Lisa A. Poyneer; Bruce A. Macintosh

doi:10.1364/OE.14.007499

1. Introduction

One of the most active areas in astronomy in recent years has been the study of extrasolar planets. Since 1995 more than 160 planets have been discovered orbiting stars other than the sun [1]. The vast majority have been detected through measurements of the Doppler shift of the parent star caused by the gravitational influence of the planet and are found within five astronomical units of their parent star—different from the location of giant planets in our solar system.

A powerful complement to Doppler techniques would be the direct imaging detection of photons from the extrasolar planets themselves.
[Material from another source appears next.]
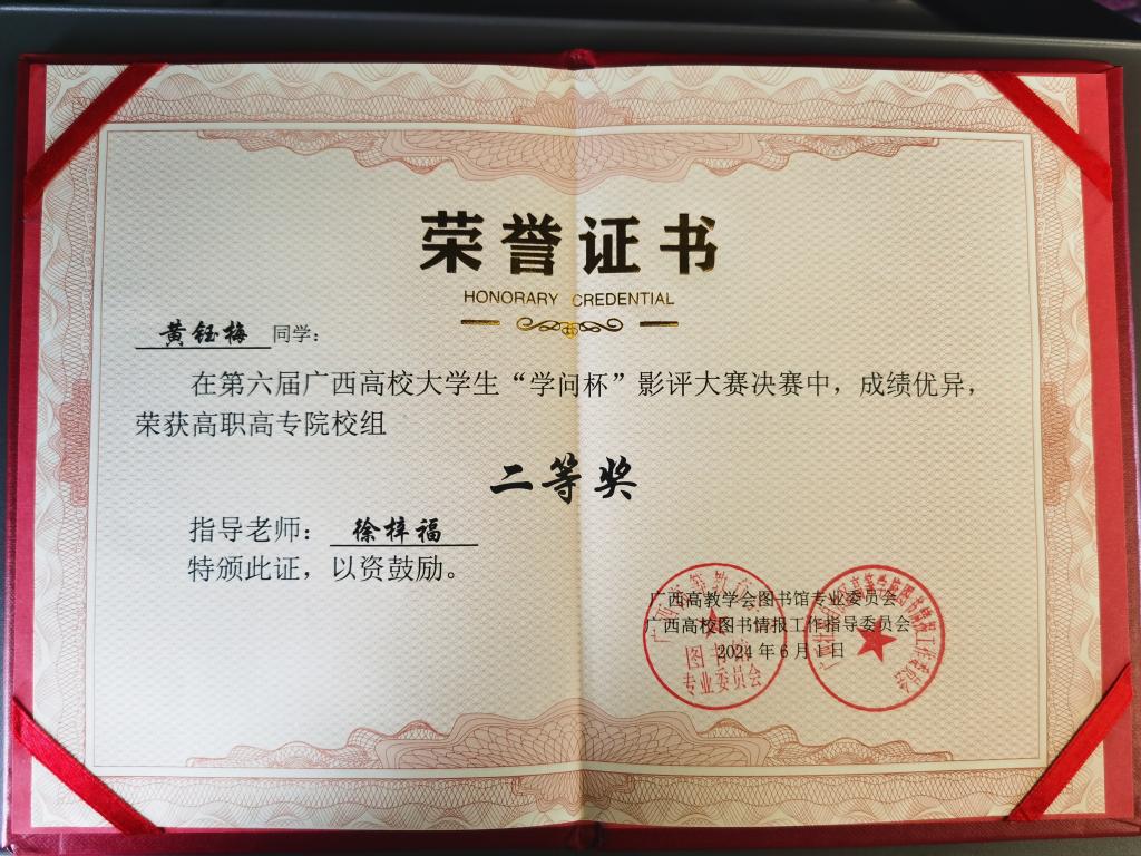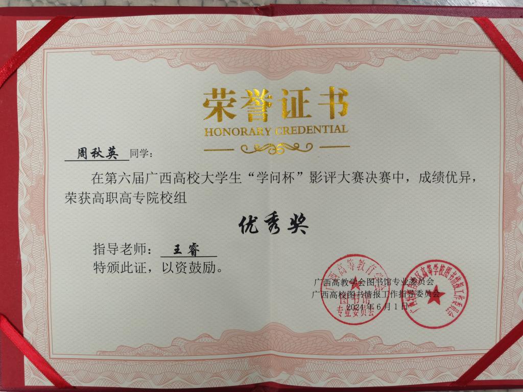 喜讯!爱体育电子官方网站2名学生在2024年第六届广西高校大学生“学问杯”影评大赛决赛中荣获佳绩

Imaging detection is primarily sensitive to planets in wide orbits where scattered starlight is less of a problem. Imaging techniques require only a short period of time rather than a full orbit, and through photometry or spectroscopy can measure properties of the planet such as radius, temperature, and composition. Unfortunately such detection is extremely challenging. Jupiter, seen from outside our solar system, is 109 times fainter than the sun; a Jupiter analog in another solar system would be swamped by the light from its parent star, scattered by diffraction, optical imperfections, and atmospheric turbulence. At infrared wavelengths, younger and more massive planets will be brighter but still extremely challenging to detect with current telescopes and adaptive optics (AO) systems.
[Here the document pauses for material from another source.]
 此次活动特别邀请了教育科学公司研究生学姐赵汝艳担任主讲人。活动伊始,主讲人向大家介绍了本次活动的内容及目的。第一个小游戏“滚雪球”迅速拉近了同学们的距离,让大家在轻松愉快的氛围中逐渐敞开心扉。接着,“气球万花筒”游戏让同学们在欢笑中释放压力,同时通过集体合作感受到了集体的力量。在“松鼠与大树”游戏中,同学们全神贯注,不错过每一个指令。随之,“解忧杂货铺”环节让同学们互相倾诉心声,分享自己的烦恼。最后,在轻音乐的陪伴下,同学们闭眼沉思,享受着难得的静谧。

Truly imaging a large sample of extrasolar planets will require an AO system designed specifically for the high-contrast imaging task. This AO system will have dense actuator spacing, a coronagraph to control diffraction, and will be designed not merely to maximize Strehl ratio but to maximize detectability of a planet near a bright star. The spatially filtered wavefront sensor [2] will prevent aliasing in the wavefront sensor (WFS). This will produce a “dark hole region” of reduced point spread function (PSF) intensity in the AO controllable band. Even with bright stars, such systems will typically have very small subapertures (d ≈ 20 cm) and high update rates (1000 – 2000 Hz) and hence still be photon-starved, particularly since many of the stars with the brightest planets are often distant and faint. As a result, these systems must employ optimal controllers to achieve the best possible performance from their available photons. We have proposed a system using an optimal Fourier controller (OFC) [3]. The first major aim of this study is to explore how the gain optimization process works and affects performance.
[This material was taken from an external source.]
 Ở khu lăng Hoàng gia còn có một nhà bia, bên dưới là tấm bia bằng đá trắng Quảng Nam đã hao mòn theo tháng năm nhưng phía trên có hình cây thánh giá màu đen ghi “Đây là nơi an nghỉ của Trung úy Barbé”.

No AO system can remove all the scattered light in the PSF of a target star. The ability to detect a planet will be limited by the amount and character of this residual light—not merely the Poisson noise set by photon statistics, but the properties of residual speckles present in the PSF [4]. The second major aim of this study is to explore the qualities and temporal behavior of the science images produced by the AO system as a function of the residual phase error.

2. System specifications

2.1. Wavefront control

The control system uses the OFC scheme developed by Poyneer and Véran [3]. OFC consists of two portions. At every time step, the computationally efficient Fourier transform reconstruction [5] (FTR) method is used to obtain the residual phase estimate from the slope measurements. FTR applies fast discrete Fourier transforms (DFTs) to the slopes and obtains the phase estimate by filtering. This filter consists of an inversion of the WFS process, a compensation for the deformable mirror (DM) response, and a control gain for each mode. The reconstructor works on a spatial frequency grid, where the frequencies k and l range from -N/2 + 1 to N/2, for reconstruction done on a N ×N grid.

Fig. 1. Block diagram of the AO control system for a complex Fourier modal coefficient. All modal signals are complex-valued. The WFS, FTR, and DM units are boxed off.

Download Full Size | PDF

The modal gains are optimized by supervisory processes using a formalism originally developed by Gendron [6]. Measurements of modal coefficients are accumulated in a buffer and periodically used (around 1 to 2 Hz) to estimate the optimal gain for each mode given the current temporal characteristics of the atmospheric turbulence and WFS noise. This is done through temporal power spectral density (PSD) estimation and solving the optimization problem given the control system transfer functions. Currently the optimization criterion is the minimization of the total residual error power, which maximizes the Strehl.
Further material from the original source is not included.